Ten Essential Truths on How to Trade Well

July 25, 2014

This week, I haven’t had quite as much time to trade, although I provide up a write-up on Friday’s trading following this post. Consequently, I figured I would take a step back from the technical analysis articles and instead cover some topics and discussional tidbits that I often do not address directly or at any appreciable length. So I decided that I would share some ideas and understanding I have come to realize that have helped me in my trading journey thus far and address them individually in a single post:

1. Trading must first be an enjoyable pursuit that you joyfully place effort toward. In general, regarding anything, if you have an enthusiasm and fascination for the subject, topic, pursuit, or ambition, you are more likely to develop a positive work ethic and continually strive to improve at and reap the rewards from the activity.

2. The importance of a stick-to-it mentality. The steep learning curve in trading can be a very difficult mental hurdle to overcome. The initial frame of losing that accompanies almost all traders can be very psychologically damaging and permanently turn oneself off to pursuing trading any further altogether. Trading is tough and can be very frustrating at times. But without having patience, diligence, and and stick-to-it-iveness, it is impossible to ever reach whatever goals you sought out of the pursuit.

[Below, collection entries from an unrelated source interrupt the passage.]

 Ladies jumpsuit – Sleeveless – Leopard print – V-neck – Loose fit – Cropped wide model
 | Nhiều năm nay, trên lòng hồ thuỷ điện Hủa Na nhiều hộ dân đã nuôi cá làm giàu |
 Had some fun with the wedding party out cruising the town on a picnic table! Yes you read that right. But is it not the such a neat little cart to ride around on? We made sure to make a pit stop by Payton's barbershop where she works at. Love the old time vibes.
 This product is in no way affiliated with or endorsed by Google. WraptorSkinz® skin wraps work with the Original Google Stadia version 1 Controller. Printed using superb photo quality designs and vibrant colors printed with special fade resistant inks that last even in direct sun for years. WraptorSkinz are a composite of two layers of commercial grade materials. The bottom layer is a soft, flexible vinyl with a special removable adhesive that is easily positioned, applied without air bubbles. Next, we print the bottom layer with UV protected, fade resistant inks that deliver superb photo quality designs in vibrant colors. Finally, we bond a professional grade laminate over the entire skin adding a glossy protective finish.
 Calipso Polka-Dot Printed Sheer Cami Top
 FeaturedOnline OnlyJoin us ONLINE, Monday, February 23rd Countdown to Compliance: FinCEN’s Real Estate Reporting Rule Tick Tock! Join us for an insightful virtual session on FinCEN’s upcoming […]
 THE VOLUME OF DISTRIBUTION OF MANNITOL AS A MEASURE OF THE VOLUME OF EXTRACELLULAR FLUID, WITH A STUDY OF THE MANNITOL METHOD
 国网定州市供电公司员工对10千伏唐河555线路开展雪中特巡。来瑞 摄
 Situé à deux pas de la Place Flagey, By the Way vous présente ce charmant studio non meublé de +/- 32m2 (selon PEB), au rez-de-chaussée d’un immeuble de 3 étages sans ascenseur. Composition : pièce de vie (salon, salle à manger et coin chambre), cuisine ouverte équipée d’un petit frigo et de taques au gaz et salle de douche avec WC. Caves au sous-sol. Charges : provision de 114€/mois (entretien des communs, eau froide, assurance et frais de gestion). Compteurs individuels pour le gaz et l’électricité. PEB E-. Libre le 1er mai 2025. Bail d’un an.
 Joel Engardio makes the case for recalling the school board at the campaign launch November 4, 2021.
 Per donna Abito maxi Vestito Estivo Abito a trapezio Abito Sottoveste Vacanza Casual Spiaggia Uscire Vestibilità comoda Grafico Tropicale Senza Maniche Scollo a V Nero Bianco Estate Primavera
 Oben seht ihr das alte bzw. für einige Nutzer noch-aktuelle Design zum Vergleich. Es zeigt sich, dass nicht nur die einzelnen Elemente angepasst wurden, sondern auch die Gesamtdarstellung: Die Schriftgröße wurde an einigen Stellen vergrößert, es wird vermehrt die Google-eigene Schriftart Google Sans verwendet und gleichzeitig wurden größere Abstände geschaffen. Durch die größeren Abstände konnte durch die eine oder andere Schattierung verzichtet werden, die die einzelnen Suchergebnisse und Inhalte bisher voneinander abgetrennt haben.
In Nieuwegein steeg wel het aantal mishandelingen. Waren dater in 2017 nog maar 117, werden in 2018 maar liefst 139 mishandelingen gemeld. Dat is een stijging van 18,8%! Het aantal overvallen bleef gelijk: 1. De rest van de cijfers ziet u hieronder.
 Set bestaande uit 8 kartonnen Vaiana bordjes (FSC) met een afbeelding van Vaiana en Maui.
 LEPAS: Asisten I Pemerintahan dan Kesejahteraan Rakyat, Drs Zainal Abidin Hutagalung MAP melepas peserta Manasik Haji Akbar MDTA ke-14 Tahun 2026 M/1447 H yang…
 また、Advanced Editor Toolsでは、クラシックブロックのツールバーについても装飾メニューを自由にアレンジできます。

3. Understand that if you are not initially successful or have yet to be successful at achieving your trading goals, that almost all who have traded well in the profession were once in the exact same waters. Really the only traders I’ve heard of who didn’t have initial negative results were equities traders who started their careers in the midst of an uptrending bull market. For binary traders, where you’re making predictions about the price movement in various forms, it’s difficult – if not impractical – to have that initial success that helps to buoy your individual confidence.

4. Focus on trading one asset at a time. Skipping around from asset to asset, tinkering with timeframes, strategies, systems, indicators, is not a great formula for success. You tend to learn about the general “behavior” of an asset from spending a lot of time observing and trading it over a sustained period.

5. You need to find out what kind of preferences you have as a trader first before expecting any type of long-term success. Everyone’s brain processes information differently, and the notion that everyone has a “trading personality” is a very genuine point. This not only encompasses strategy, what assets to trade, how to trade them (e.g., binary options, forex trading, vanilla options) and when to trade them (such as volatility preferences), but money management/risk tolerance as well.

6. The person who is most consistent profit-wise will be the one who is most consistent in applying his strategy, money management, and have an overall consistent mindset to a particular form of trading. The assets available to trade are as vast as the instruments available to trade them. But a trader who is an expert at applying an iron condor vanilla options strategy will not necessarily be an effective trader toward equities or binary options.

You almost need to specialize to an extent – how you trade, what assets you trade, the time you trade, the charting timeframe, your position size, all associated variables. Even having the ability to successfully trade the EUR/USD doesn’t necessarily mean one is going to be as effective trading crude oil. It really is yet another profession predicated on specialty in many, many respects. It is hard to trade well over time by continually skipping around assets, timeframes, trading strategies, and money management plans. This all comes back to the reality that you need to find what works for you personally.

7. The importance of discipline and balance in trading. Please see my previous post for an overview on that topic.

8. Seeking outside help and judgment on whether you should take a trade or not is rarely, if ever, a good idea. There is some thought that if you trade with a buddy, you might have a better shot of getting a favorable outcome given you’re putting multiple heads together. But from those who have tried it – each putting input into whether a trading decision should be made – I’ve heard that collaboration usually isn’t the best tactic. If you’re unsure of whether a trade should be made and seek outside advice, it’s best to stay out of it and study instead. When I am ambivalent about a trade, I take a realistic look at the perceived odds of winning it, considering all the evidence at my disposal. If I’m unsure or have subpar confidence, I stay out.

9. Limit your risk. This is the sure-fire way to limit emotional trading. I always strive to invest no more than 1% of the money I can afford to lose on any given trade set-up. As a result, my emotions are always on an even keel. I never experience nervousness or tension, or have doubts about pulling the trigger. Or the need to recoup past losses by investing larger amounts later on. It’s very important to hold oneself accountable to your willing risk parameters, which should naturally be small relative to the money you have available to use toward trading.

10. My best trading results have come from waiting for the trade to come to me. Never force trades that aren’t there and aren’t planned out ahead of time. It’s a recipe for poor results, which in turn leads to emotional trading, which leads to even worse results, which leads to inevitable damage to one’s self-confidence, which can very likely lead to quitting entirely. I always plan out trades in advance, wait for them to come and set up as I need them to, and get in at my exact desired entry point.